(Stored data)
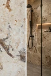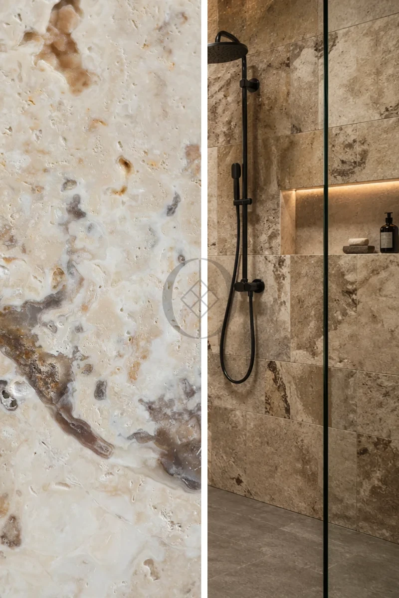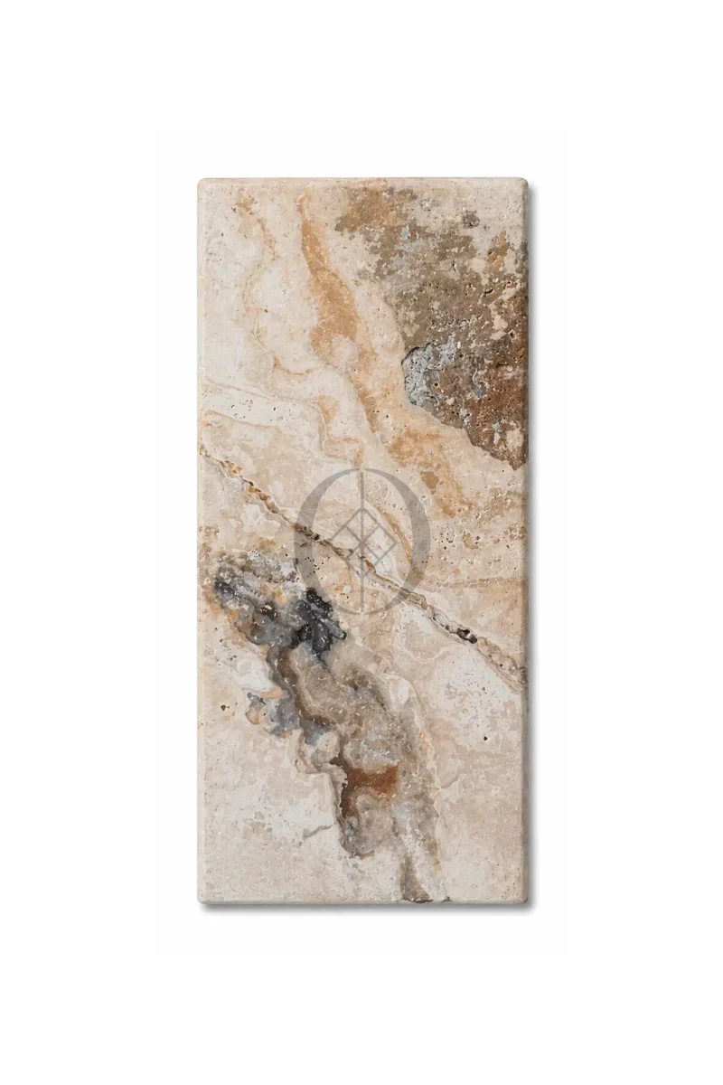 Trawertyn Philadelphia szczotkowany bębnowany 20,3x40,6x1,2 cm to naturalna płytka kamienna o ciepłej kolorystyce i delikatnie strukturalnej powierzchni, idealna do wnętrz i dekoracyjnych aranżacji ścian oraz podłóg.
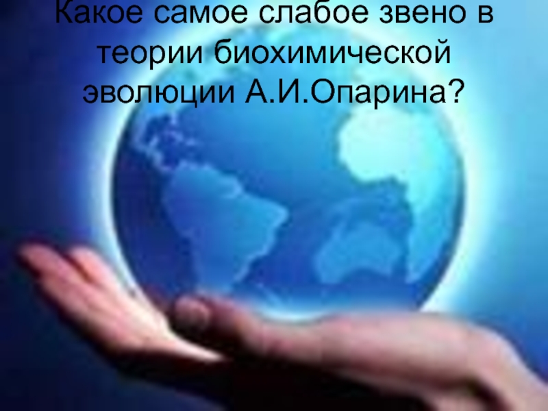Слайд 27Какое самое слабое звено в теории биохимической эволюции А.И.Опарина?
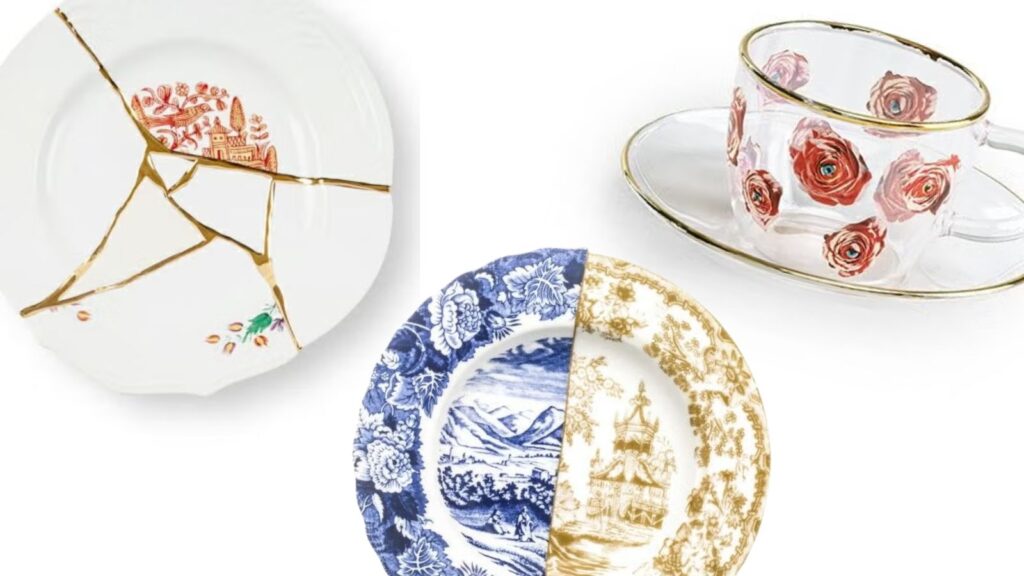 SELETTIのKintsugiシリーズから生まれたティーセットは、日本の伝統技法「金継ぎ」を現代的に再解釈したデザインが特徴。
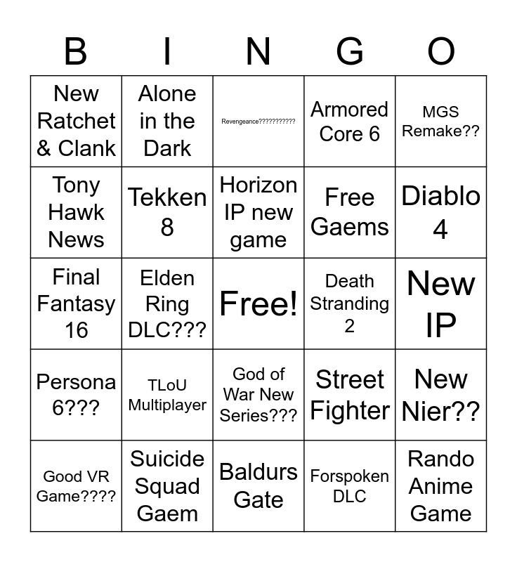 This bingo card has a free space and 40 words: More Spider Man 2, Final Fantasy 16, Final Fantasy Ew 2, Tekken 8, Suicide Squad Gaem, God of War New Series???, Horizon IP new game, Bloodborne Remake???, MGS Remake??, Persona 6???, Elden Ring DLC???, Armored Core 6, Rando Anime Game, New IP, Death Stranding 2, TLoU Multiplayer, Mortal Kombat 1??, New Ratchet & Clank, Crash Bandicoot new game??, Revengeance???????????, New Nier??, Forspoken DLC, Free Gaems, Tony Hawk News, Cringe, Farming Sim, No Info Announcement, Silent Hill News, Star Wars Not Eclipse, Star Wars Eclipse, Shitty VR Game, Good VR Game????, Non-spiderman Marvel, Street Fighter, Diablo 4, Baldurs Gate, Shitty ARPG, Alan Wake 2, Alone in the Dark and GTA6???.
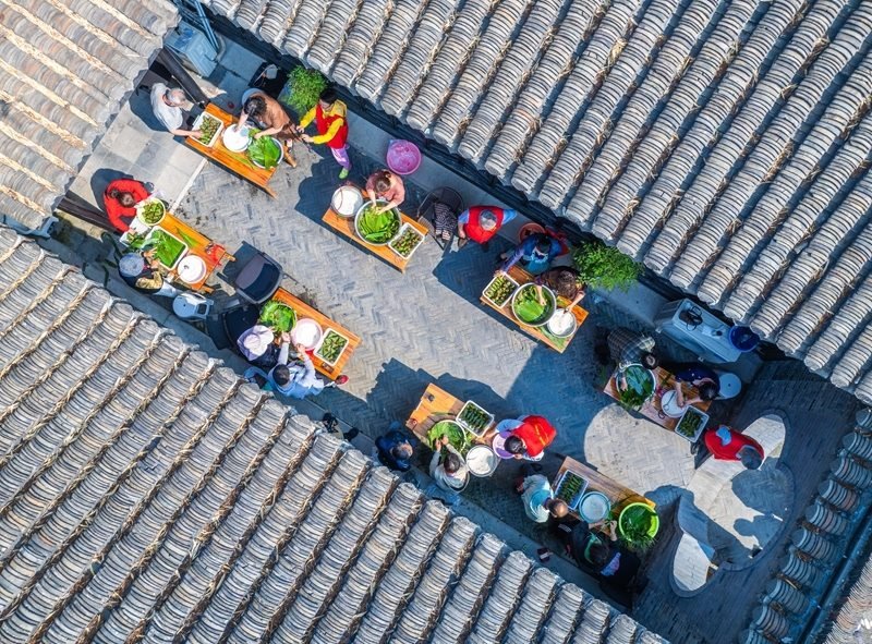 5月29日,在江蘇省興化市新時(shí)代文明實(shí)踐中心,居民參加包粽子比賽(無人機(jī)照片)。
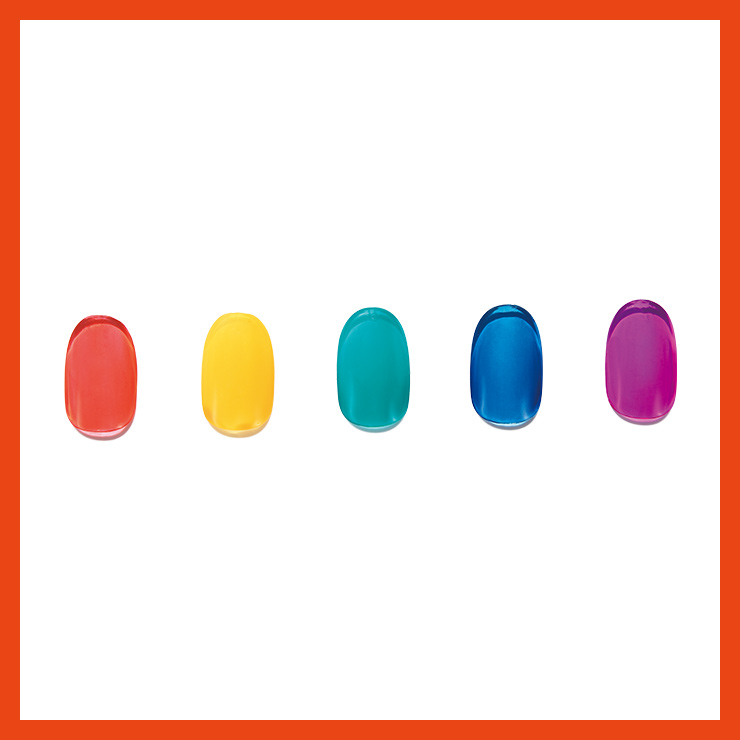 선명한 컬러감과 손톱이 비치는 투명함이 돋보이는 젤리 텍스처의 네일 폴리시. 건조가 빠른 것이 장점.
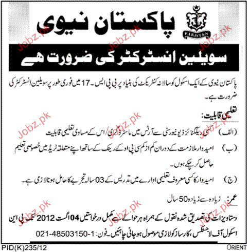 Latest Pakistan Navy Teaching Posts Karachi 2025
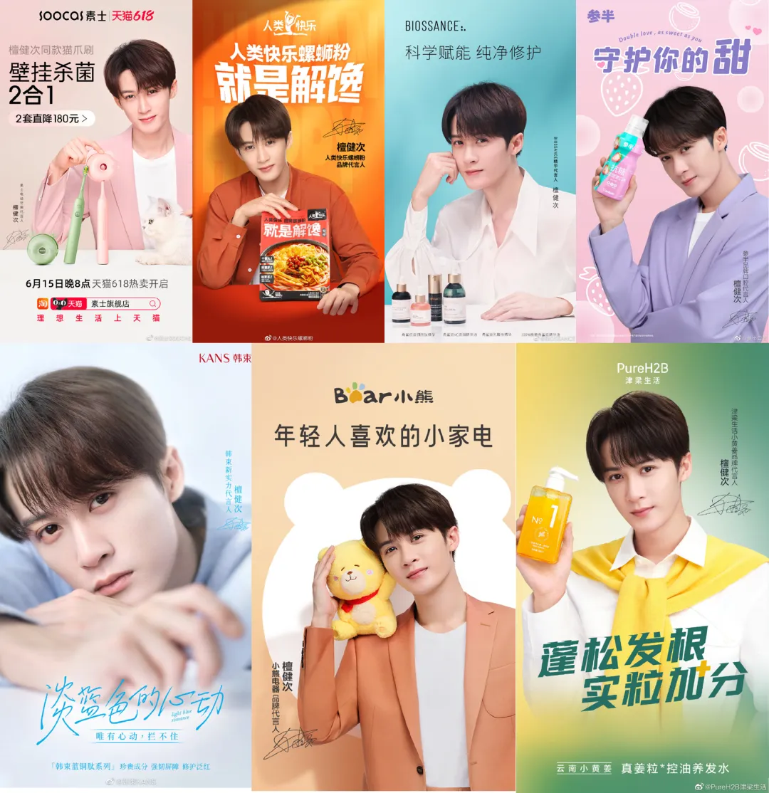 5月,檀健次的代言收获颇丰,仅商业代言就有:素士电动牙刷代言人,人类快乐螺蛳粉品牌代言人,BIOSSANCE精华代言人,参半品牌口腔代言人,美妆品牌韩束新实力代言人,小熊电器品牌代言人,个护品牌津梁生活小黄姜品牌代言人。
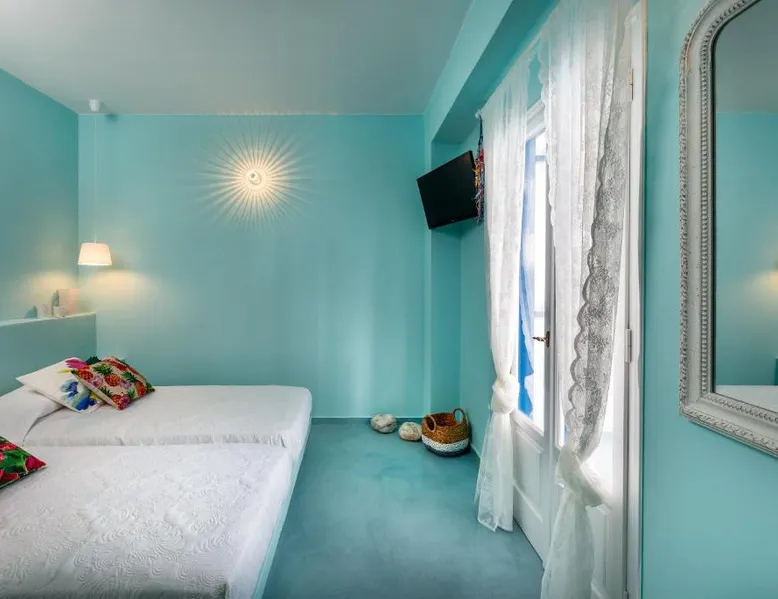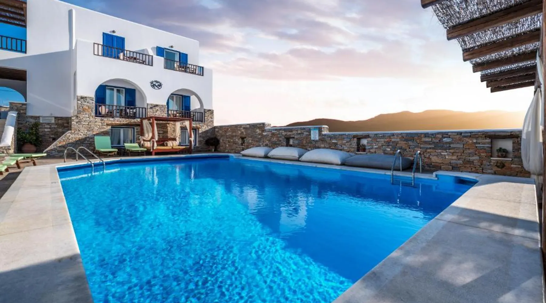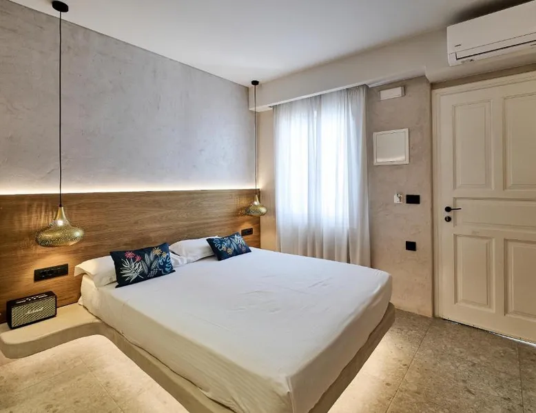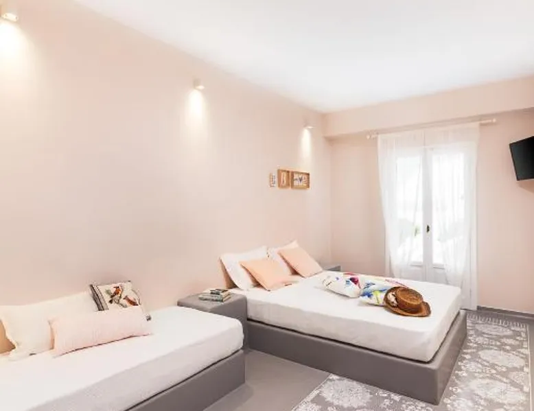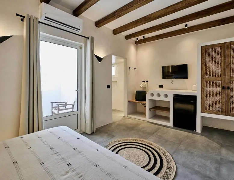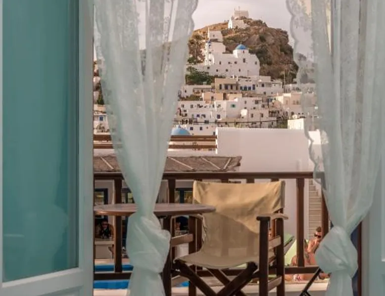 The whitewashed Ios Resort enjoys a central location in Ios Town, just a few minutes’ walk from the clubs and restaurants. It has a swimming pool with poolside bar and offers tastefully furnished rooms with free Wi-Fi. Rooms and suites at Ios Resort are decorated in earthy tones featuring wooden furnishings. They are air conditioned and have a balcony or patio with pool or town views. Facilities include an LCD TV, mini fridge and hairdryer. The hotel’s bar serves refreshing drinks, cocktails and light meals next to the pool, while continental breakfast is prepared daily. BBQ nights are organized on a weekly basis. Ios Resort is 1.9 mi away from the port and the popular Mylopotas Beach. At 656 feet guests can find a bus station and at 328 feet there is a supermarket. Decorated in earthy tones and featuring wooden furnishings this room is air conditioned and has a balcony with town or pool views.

▶ [Task prompt] Any pictures are to be skipped, and the lines from the beginning of the entries through the line with "SELETTIのKintsu" copied exactly.

▶ [Task solution]
 Trawertyn Philadelphia szczotkowany bębnowany 20,3x40,6x1,2 cm to naturalna płytka kamienna o ciepłej kolorystyce i delikatnie strukturalnej powierzchni, idealna do wnętrz i dekoracyjnych aranżacji ścian oraz podłóg.
Слайд 27Какое самое слабое звено в теории биохимической эволюции А.И.Опарина?
 SELETTIのKintsugiシリーズから生まれたティーセットは、日本の伝統技法「金継ぎ」を現代的に再解釈したデザインが特徴。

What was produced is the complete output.